And with help like that, who needs harm.
But you soldier on.
Consider an ant colony taking refuge in your pantry during damp humid days.
Why would these pesky varmints do that?
To live, to nest, to cause domestic discontent at a species level?
Such a hassle to clean out the pantry and possibly re-line it, seeing someone left the lid off the honey and it dripped.
Not to mention the genocide that will have to be waged with the ant rid.
Overkill perhaps? That'll be the plan.
But doesn't it just illustrate humanity's capacity to stuff things up and then blame the victim?
Consider the dead oregano in your vegie patch. Victim of an attempt to spray nearby weeds that breezy afternoon.
Instructions warned about collateral damage. But collateral damage seems so naturally the outcome when you're trying to improve things. Usually unnaturally, or at least unintentionally.

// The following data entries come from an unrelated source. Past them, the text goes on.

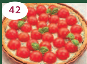
42 Пирог с рикоттой и помидорами
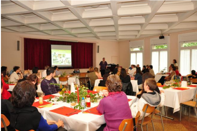
Un aperçu de la magnifique décoration des tables

Merci encore à toutes celles et ceux qui ont travaillé pour faire de cette soirée le succès qu'elle a été. Merci à Sabrina pour la décoration des tables qui a placé la barre très haut.
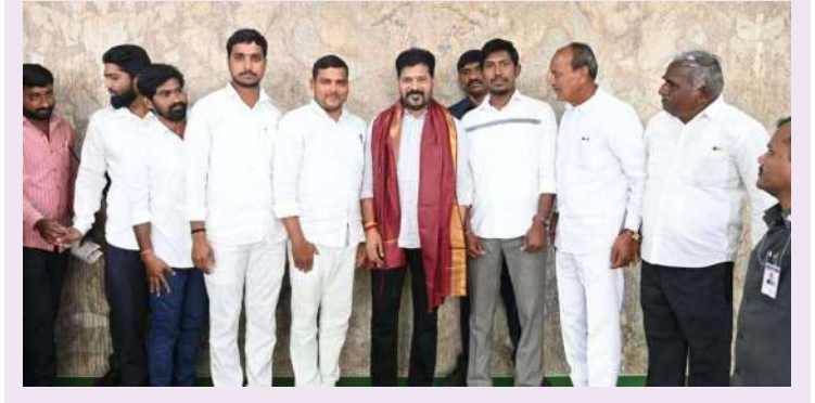
యాచారం, జనవరి 02 (ప్రజాజ్యోతి):

- తెలిపిన రాష్ట్ర ఒకేషనల్ టీచర్స్ అసోసియేషన్

Aiming low in terms of spray trajectory, but also positive outcomes. The answer was blown in the wind, and onto the oregano.
Now the oregano's dead because you attempted to help it live, and the weeds are thriving.
If only we could flavour food with bindii.
Maybe spray round the pantry next time and hopefully take down the ants.
It's an inexact science establishing domestic hegemony and it can be lethal for bystanders.
We were remembering our fishy the other day, in this sad, lamentable way.
Dear, dear Poisson - French for "fish".
A bit like naming your cat, Cat, minus the outrageous French accent.
Unnervingly indicative, too, of the way Poisson was to meet its maker, if you focus on the spelling.
And really, we were only trying to make things better by getting rid of flies.
For two years Poisson tread water atop our mantle-piece, staring out from its fish bowl, while we stared in from ours.
Hopefully not forlornly, although such is the station of stationary beings.
I wonder to this day if the love we felt was reciprocated by our fish in anything more than a Stockholm Syndrome kind of way.
Probs not after we sprayed the room with insect repellent that fatal day.
And when I say 'fatal" I meant fateful, but homicidal is how it unfolded for Poisson.
Found floating, morte, on the surface when we got home.
Another victim or humanity's urge to better their environment only to poisson the situation.
Oh well, in typical human fashion you give yourself a spray of a different kind, and unlike Poisson, or the oregano and maybe the ants, you get back up and go again.